Work to be completed |
For this task, copy all of the data below exactly and skip the pictures.

Material provided |
::::

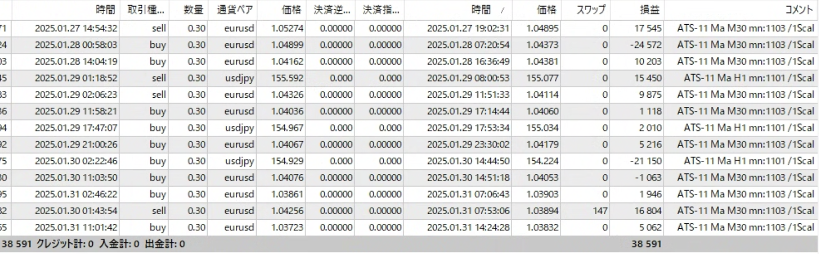 集計期間:2025/1/27~2/1(証拠金1,000,000円 / 0.3Lots で取引)
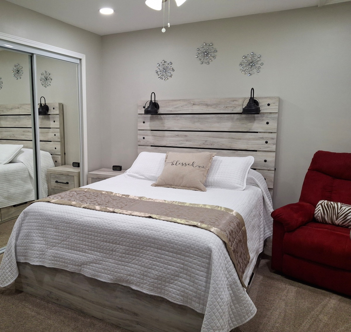 改装された地下リビングスペースでリラックスしてください。 この明るくモダンなリビングスペースには、数泊または数か月のご滞在を楽しむためのすべてのアメニティが揃っています。 ステートファームフットボールスタジアム(アリゾナ州カーディナルズ)から15分、ピオリアスポーツコンプレックスの春のトレーニング場まで徒歩圏内、アローヘッドショッピングモール、多くのレストラン、ピオリアP83エンターテイメント地区に近く、マリコパ郡の徒歩/自転車道システムに隣接しています。
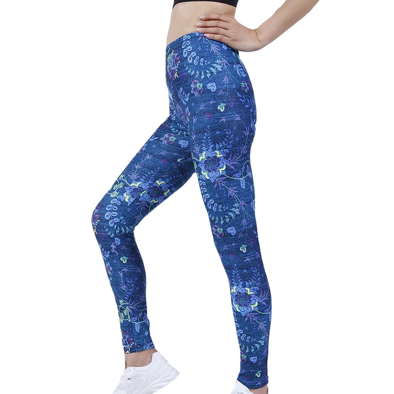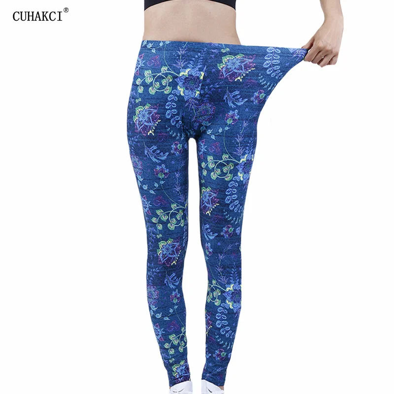 Женские эластичные леггинсы CUHAKCI, летние леггинсы с синим цветочным принтом, Новое поступление
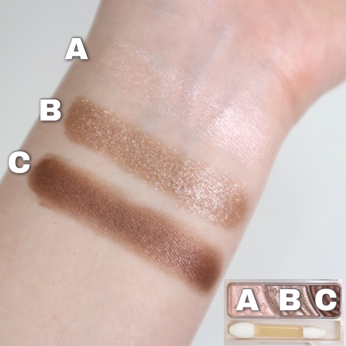 - 3色で簡単に明るく大きな目元に。 しっとり感触のアイシャドウ。 くすみを飛ばす明るさベース、ひとえ・奥二重の方でも幅広く塗れる肌なじみの良い中間色、 濃密高発色の締め色が目の輪郭を強調し大きな目元に。 微細パール配合でくすみを飛ばし、明るい目元へ。
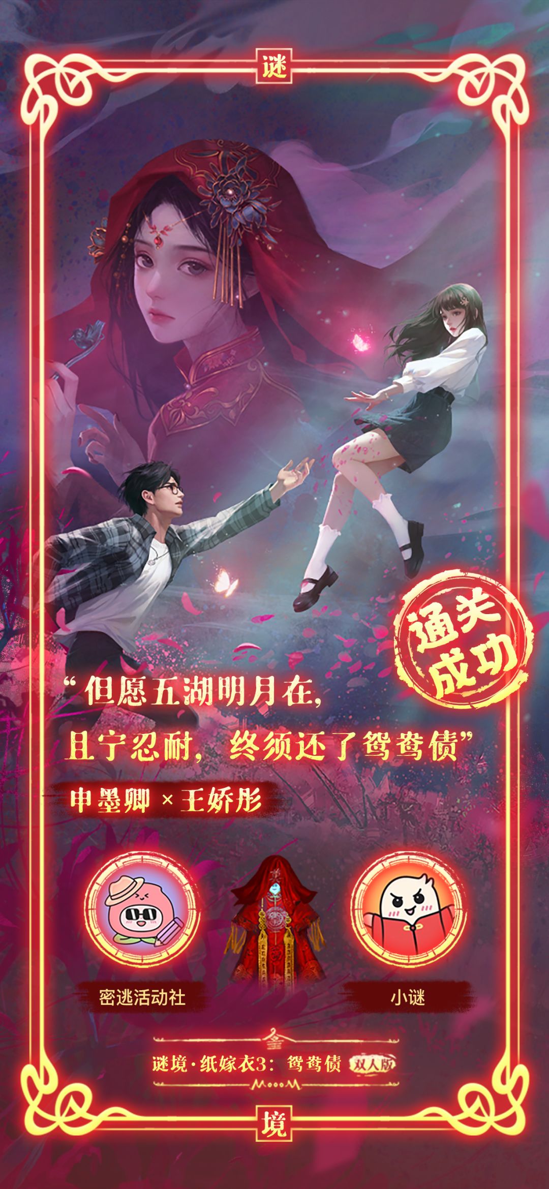 恭喜以下中奖用户,请尽快点击链接填写收件信息!超过规定时效奖品将作废,感谢配合哟~ 用户ID--30916340 用户ID--31971370 用户ID--34350479 用户ID--596203216 分割线 全新玩法,双人探秘 中式悬疑,双人共解 阴阳相隔,双人入境 谜境&纸嫁衣双人版12月28日隆重上线! 准备好和你的搭子“共入谜境”吧! 纸嫁衣鸳鸯债双人版 开启预约! 晒预约截图即有机
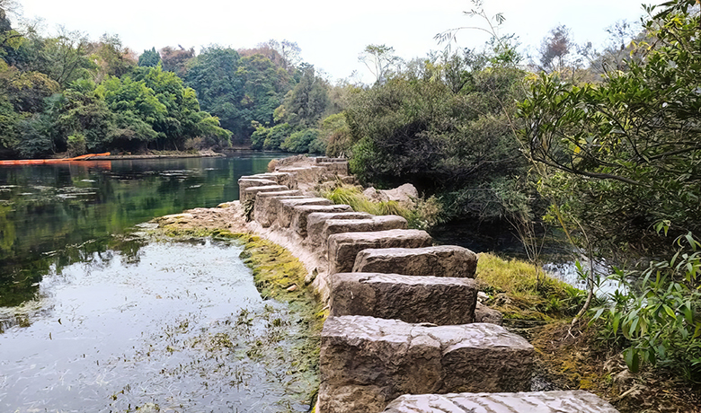 我的家乡地处闽中,有一种原始形式的石桥,叫丁步桥。此类石桥建造方法简单,即在浅而窄的溪流中,用粗砺的方石砌起一个接一个高出水面的石墩,在水草或砂砾中屹立,任流水千淘万漉,形似琴键,声如筝簧。然而,不知经过多少代人的踩踏,石面都磨得锃光闪亮,却一直拙朴又平静横卧着,让过往的行人用双脚踏响岑寂的音符。连通着血脉,维系着乡愁。
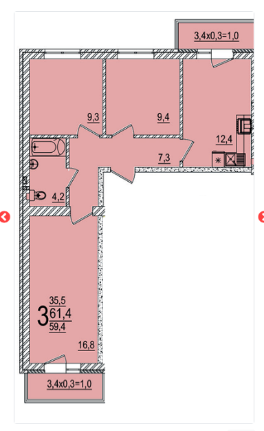 Продается 3-х комн. квартира, 61.4 кв.м., 3/5 эт
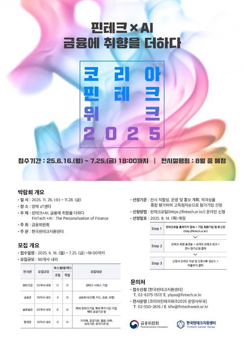 금융위원회는 이달 16일부터 '코리아 핀테크 위크 2025' 전시관 부스 참가 신청을 받고, 8월 4일부터 제 8회 핀테크 아이디어 공모전 참가 접수를 시작한다. 구체적인 참가 신청은 한국핀테크지원센터 운영사무국을 통하면 된다.
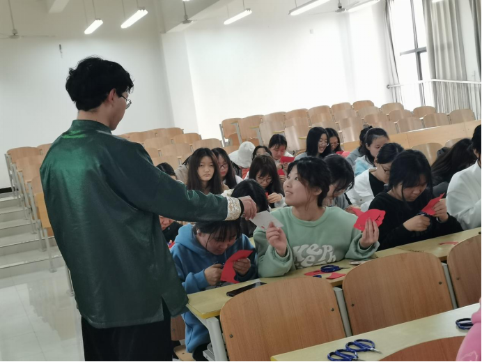 活动伊始,梁少华首先解读了“非遗”的概念,以有奖问答的形式与同学们展开讨论。随后,梁少华系统介绍了剪纸的种类、形式和文化底蕴,现场展示了多种剪纸形式,大大激发了同学们对剪纸的兴趣。纸上得来终觉浅,在同学们掌握基本理论方法后,梁少华分发剪纸模板和剪刀,引导同学们对折纸张、仔细构思,按照步骤和方法孵化一个个惟妙惟肖、栩栩如生的作品。
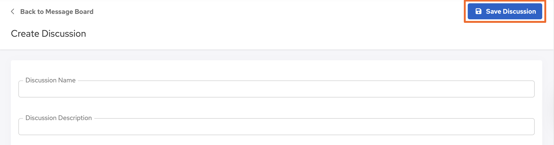 - Next, click the Create Discussion link (top right). Fill in the form and click the Save Discussion button.
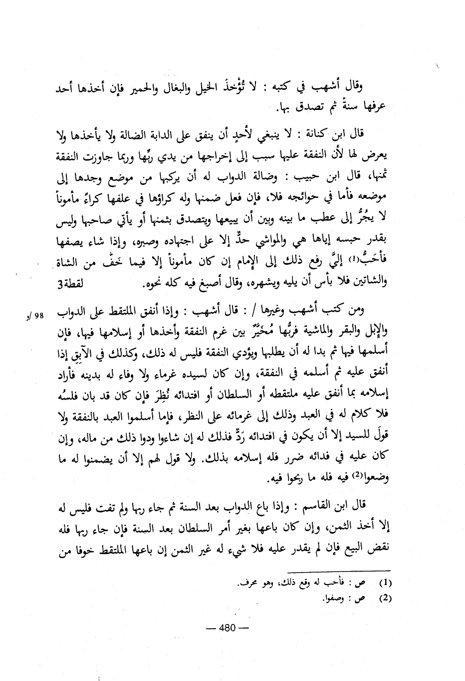 قال ابن كنانة: لا ينبغي لأحد أن ينفق على الدابة الضالة ولا يأخذها ولا يعرض لها لأن النفقة عليها سبب إلى إخراجها من يدي ربها وربما جاوزت النفقة ثمنها، قال ابن حبيب: وضالة الدواب له أن يركبها من موضع وجدها إلى موضعه فأما في حوائجه فلا، فإن فعل ضمنها وله كراؤها في علفها كراء مأمونا لا يجر إلى عطب ما بينه وبين أن يبيعها ويتصدق بثمنها أو يأتي صاحبها وليس بقدر حبسه إياها هي والمواشي حد إلا على اجتهاده وصبره، وإذا شاء يصفها فأحب إلي رفع ذلك إلى الإمام إن كان مأمونا إلا فيما خف من الشاة والشاتين فلا بأس أن يليه ويشهره، وقال أصبغ فيه كله نحوه. لقطة 3

::::

Solution |
 集計期間:2025/1/27~2/1(証拠金1,000,000円 / 0.3Lots で取引)
 改装された地下リビングスペースでリラックスしてください。 この明るくモダンなリビングスペースには、数泊または数か月のご滞在を楽しむためのすべてのアメニティが揃っています。 ステートファームフットボールスタジアム(アリゾナ州カーディナルズ)から15分、ピオリアスポーツコンプレックスの春のトレーニング場まで徒歩圏内、アローヘッドショッピングモール、多くのレストラン、ピオリアP83エンターテイメント地区に近く、マリコパ郡の徒歩/自転車道システムに隣接しています。
 Женские эластичные леггинсы CUHAKCI, летние леггинсы с синим цветочным принтом, Новое поступление
 - 3色で簡単に明るく大きな目元に。 しっとり感触のアイシャドウ。 くすみを飛ばす明るさベース、ひとえ・奥二重の方でも幅広く塗れる肌なじみの良い中間色、 濃密高発色の締め色が目の輪郭を強調し大きな目元に。 微細パール配合でくすみを飛ばし、明るい目元へ。
 恭喜以下中奖用户,请尽快点击链接填写收件信息!超过规定时效奖品将作废,感谢配合哟~ 用户ID--30916340 用户ID--31971370 用户ID--34350479 用户ID--596203216 分割线 全新玩法,双人探秘 中式悬疑,双人共解 阴阳相隔,双人入境 谜境&纸嫁衣双人版12月28日隆重上线! 准备好和你的搭子“共入谜境”吧! 纸嫁衣鸳鸯债双人版 开启预约! 晒预约截图即有机
 我的家乡地处闽中,有一种原始形式的石桥,叫丁步桥。此类石桥建造方法简单,即在浅而窄的溪流中,用粗砺的方石砌起一个接一个高出水面的石墩,在水草或砂砾中屹立,任流水千淘万漉,形似琴键,声如筝簧。然而,不知经过多少代人的踩踏,石面都磨得锃光闪亮,却一直拙朴又平静横卧着,让过往的行人用双脚踏响岑寂的音符。连通着血脉,维系着乡愁。
 Продается 3-х комн. квартира, 61.4 кв.м., 3/5 эт
 금융위원회는 이달 16일부터 '코리아 핀테크 위크 2025' 전시관 부스 참가 신청을 받고, 8월 4일부터 제 8회 핀테크 아이디어 공모전 참가 접수를 시작한다. 구체적인 참가 신청은 한국핀테크지원센터 운영사무국을 통하면 된다.
 活动伊始,梁少华首先解读了“非遗”的概念,以有奖问答的形式与同学们展开讨论。随后,梁少华系统介绍了剪纸的种类、形式和文化底蕴,现场展示了多种剪纸形式,大大激发了同学们对剪纸的兴趣。纸上得来终觉浅,在同学们掌握基本理论方法后,梁少华分发剪纸模板和剪刀,引导同学们对折纸张、仔细构思,按照步骤和方法孵化一个个惟妙惟肖、栩栩如生的作品。
 - Next, click the Create Discussion link (top right). Fill in the form and click the Save Discussion button.
 قال ابن كنانة: لا ينبغي لأحد أن ينفق على الدابة الضالة ولا يأخذها ولا يعرض لها لأن النفقة عليها سبب إلى إخراجها من يدي ربها وربما جاوزت النفقة ثمنها، قال ابن حبيب: وضالة الدواب له أن يركبها من موضع وجدها إلى موضعه فأما في حوائجه فلا، فإن فعل ضمنها وله كراؤها في علفها كراء مأمونا لا يجر إلى عطب ما بينه وبين أن يبيعها ويتصدق بثمنها أو يأتي صاحبها وليس بقدر حبسه إياها هي والمواشي حد إلا على اجتهاده وصبره، وإذا شاء يصفها فأحب إلي رفع ذلك إلى الإمام إن كان مأمونا إلا فيما خف من الشاة والشاتين فلا بأس أن يليه ويشهره، وقال أصبغ فيه كله نحوه. لقطة 3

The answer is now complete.